» ABOUT THIS EXERCISE:
The response should reproduce exactly the lines from the top of the listing below through the one that contains "Una persona ha", and nothing else; pictures do not belong in it.

» DATA LISTING:
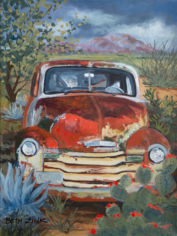 Typical themes have been Cactus Flowers and Plants, Desert Landscapes, Rocks & Streams, Barns, Aspen Trees, Vintage Vehicles, and Sunsets.
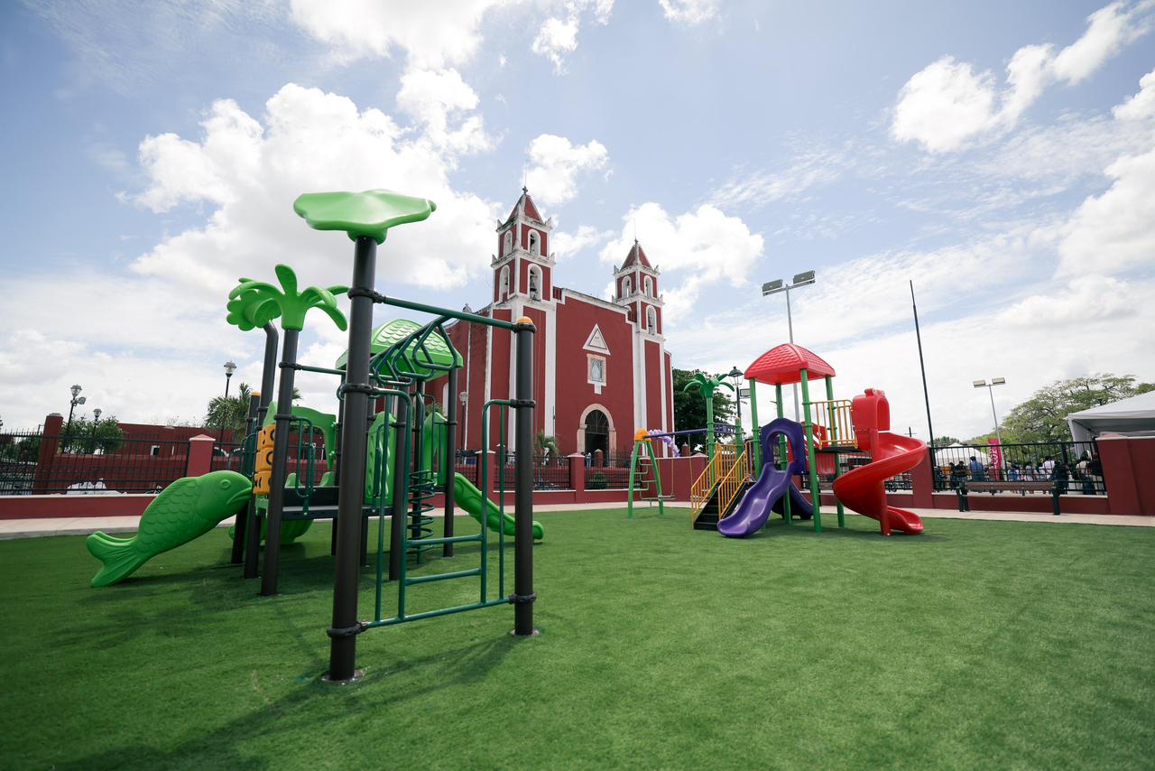 Las obras incluyeron nueva iluminación, mobiliario urbano, drenaje pluvial, pasto sintético y módulos de juegos infantiles, con una inversión de 2.4 millones de pesos.
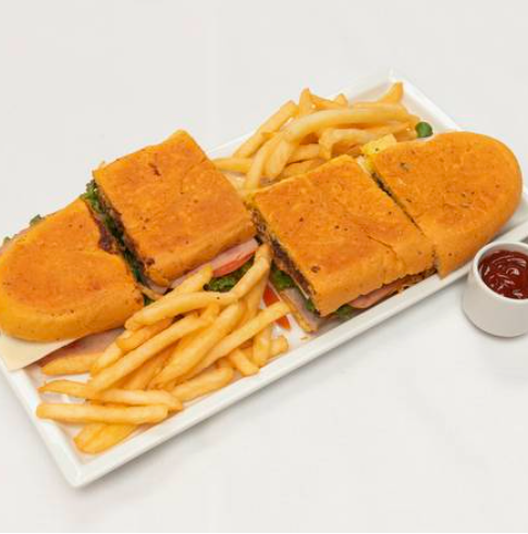 Delicioso sándwich premium, acompañado de pollo desmenuzado, carne, jamón, queso mozzarella, tomate, frijoles molidos y salsas, acompañado de papas fritas.(Aprox. 1 kg )
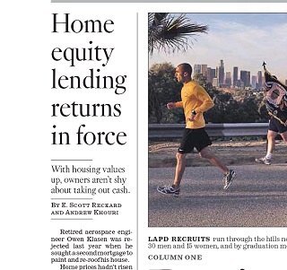 The Los Angeles Times says homeowners are once again borrowing against their homes, despite the costly lessons of the housing market collapse. Bank of America saw its home equity business surge 75% nationwide last year compared with 2012. The difference this time around is applicants who are getting approved have high credit scores, ample savings and equity in their homes.
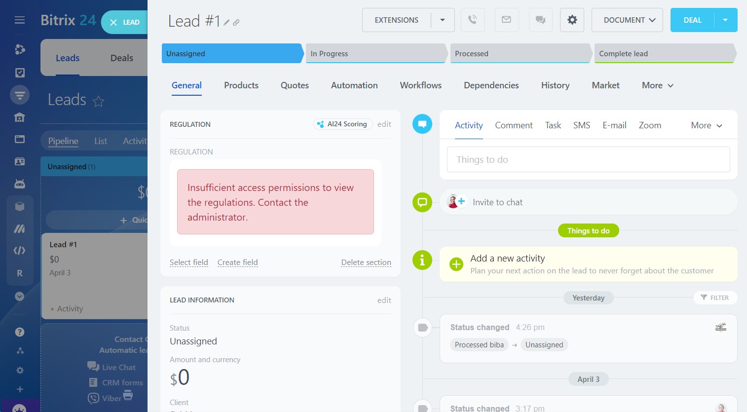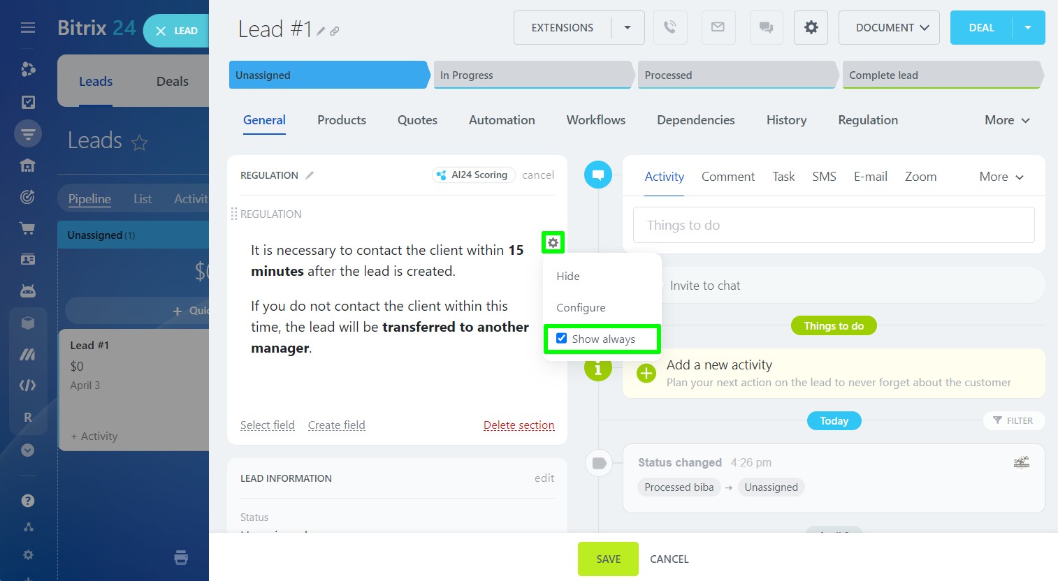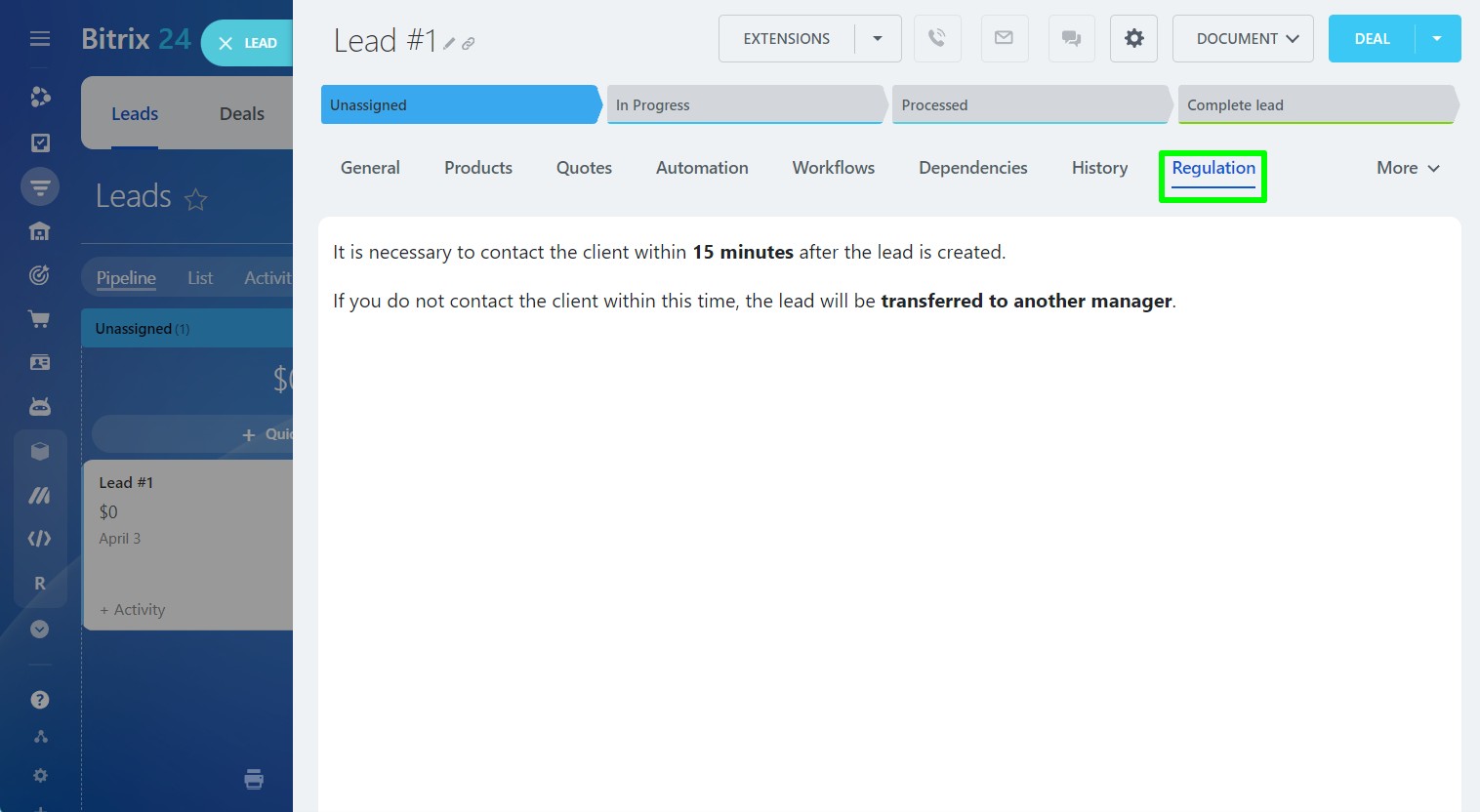 Using the application, you can display the work regulations in the Lead entity form, Deal entity form or Smart Process entity form.
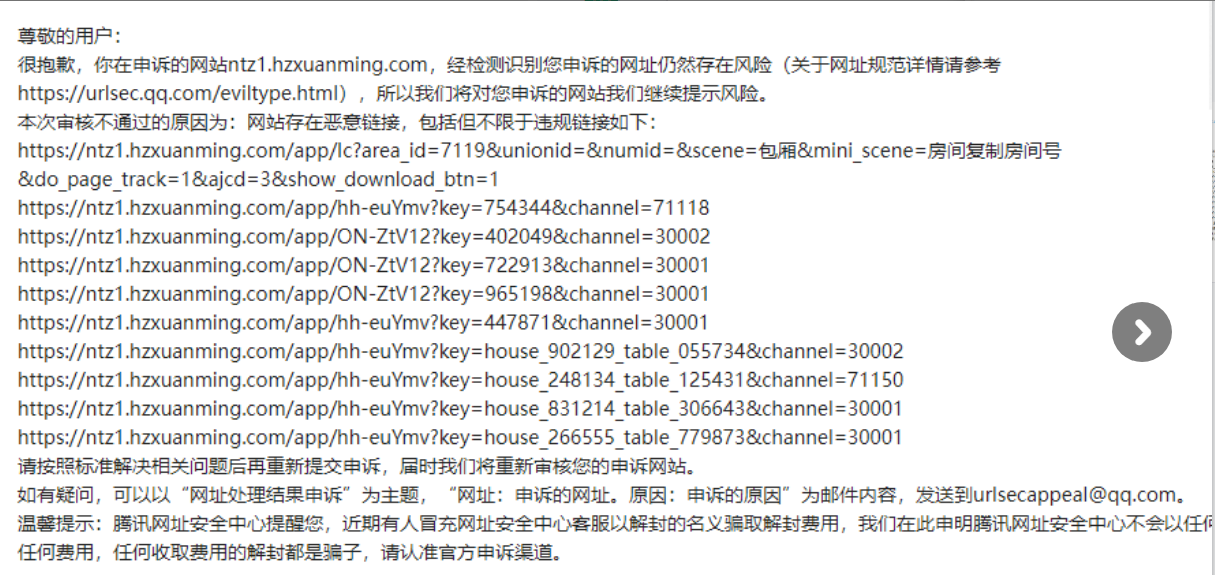 腾讯安全网址提示:网站存在恶意链接,实际不知道具体是哪里的问题,目前没法改。
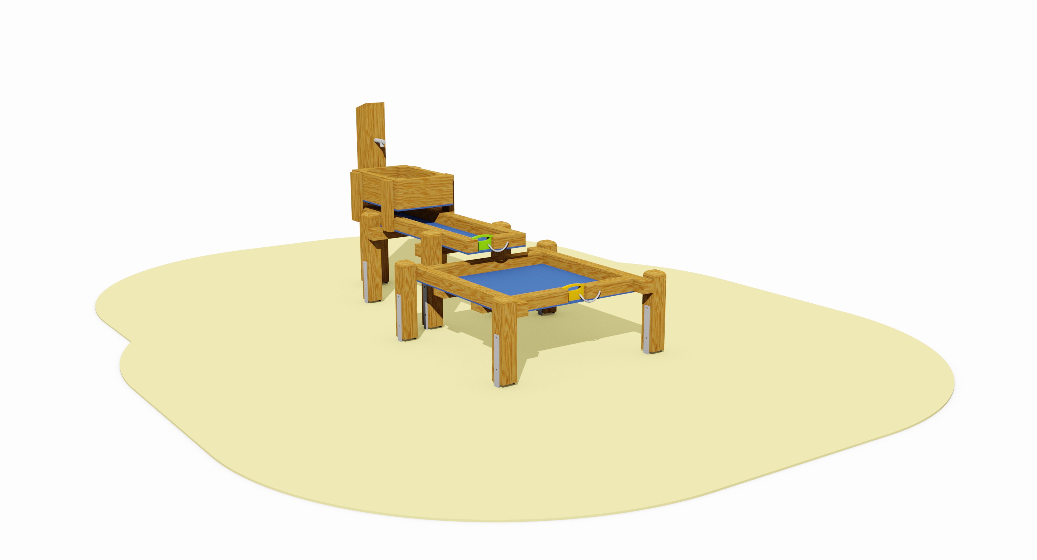 Zusätzliche Wasserspiel-Elemente wie Wassertische oder ein Wasserrad sind kombinierbar.
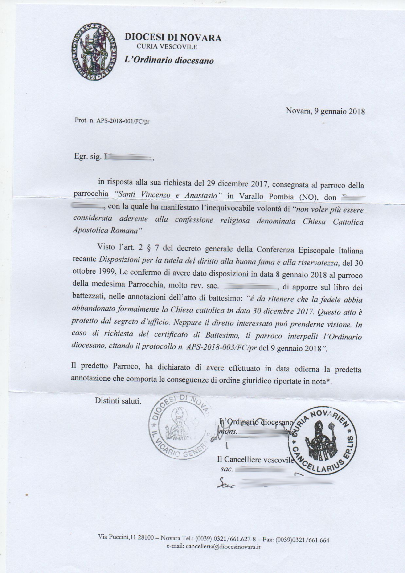 Una persona ha chiesto la rettifica dei dati relativi al proprio battesimo avvenuto a Santi Vincenzo e Anastasio - VARALLO POMBIA (NO) il 09/01/2018, dichiarando di non voler più far parte della Chiesa Cattolica.
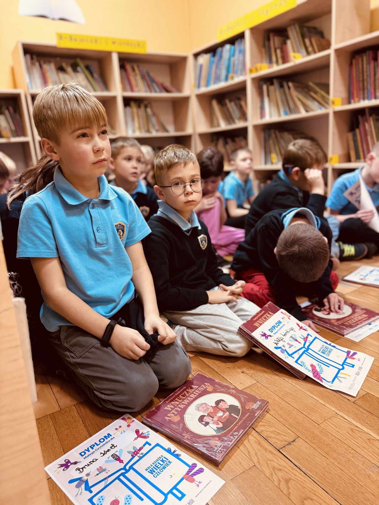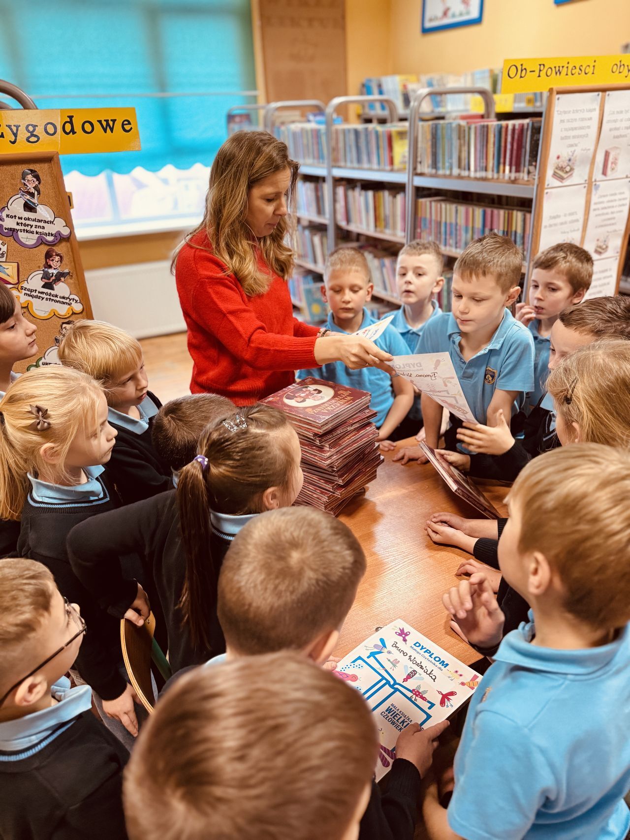 W naszej szkolnej bibliotece odbyło się dziś wyjątkowe spotkanie dla pierwszoklasistów. Uczniowie klasy pierwszej otrzymali książki przekazane przez Instytut Książki w ramach kolejnej edycji ogólnopolskiej kampanii „Mała książka – wielki człowiek”.
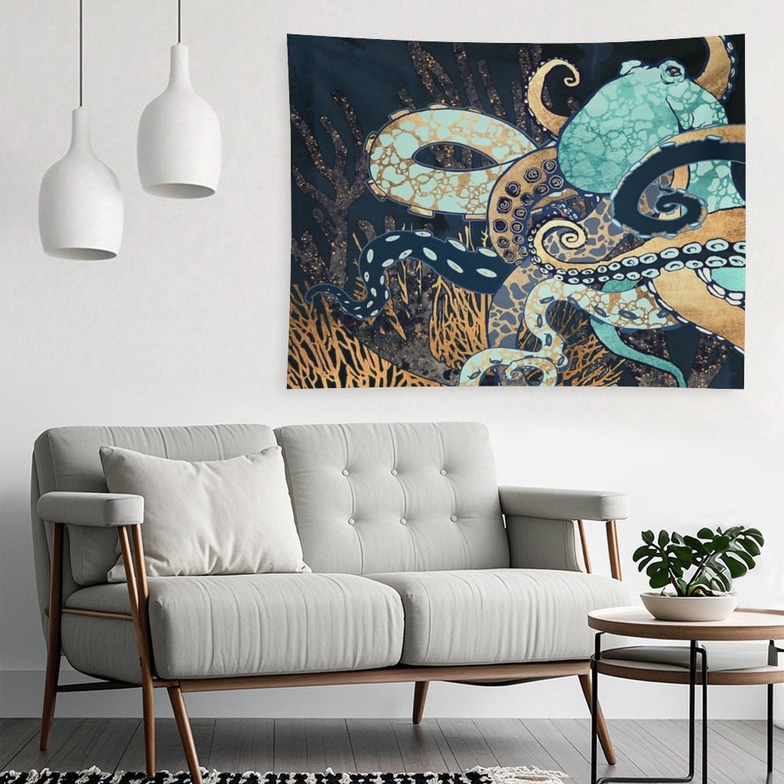 BionZax's Metallic Octopus II Tapestry for Bedroom, College Dorm. Metallic Octopus II Tapestry to decorate your bedroom, college dorm, living room, or kitchen wall, it is the best gift for funny, meme, aesthetic, trendy, simple, fashion, music, abstract, fantasy, modern tapestry for girls, men, boys, teen, women, kids.

» ANSWER SPACE:
 Typical themes have been Cactus Flowers and Plants, Desert Landscapes, Rocks & Streams, Barns, Aspen Trees, Vintage Vehicles, and Sunsets.
 Las obras incluyeron nueva iluminación, mobiliario urbano, drenaje pluvial, pasto sintético y módulos de juegos infantiles, con una inversión de 2.4 millones de pesos.
 Delicioso sándwich premium, acompañado de pollo desmenuzado, carne, jamón, queso mozzarella, tomate, frijoles molidos y salsas, acompañado de papas fritas.(Aprox. 1 kg )
 The Los Angeles Times says homeowners are once again borrowing against their homes, despite the costly lessons of the housing market collapse. Bank of America saw its home equity business surge 75% nationwide last year compared with 2012. The difference this time around is applicants who are getting approved have high credit scores, ample savings and equity in their homes.
 Using the application, you can display the work regulations in the Lead entity form, Deal entity form or Smart Process entity form.
 腾讯安全网址提示:网站存在恶意链接,实际不知道具体是哪里的问题,目前没法改。
 Zusätzliche Wasserspiel-Elemente wie Wassertische oder ein Wasserrad sind kombinierbar.
 Una persona ha chiesto la rettifica dei dati relativi al proprio battesimo avvenuto a Santi Vincenzo e Anastasio - VARALLO POMBIA (NO) il 09/01/2018, dichiarando di non voler più far parte della Chiesa Cattolica.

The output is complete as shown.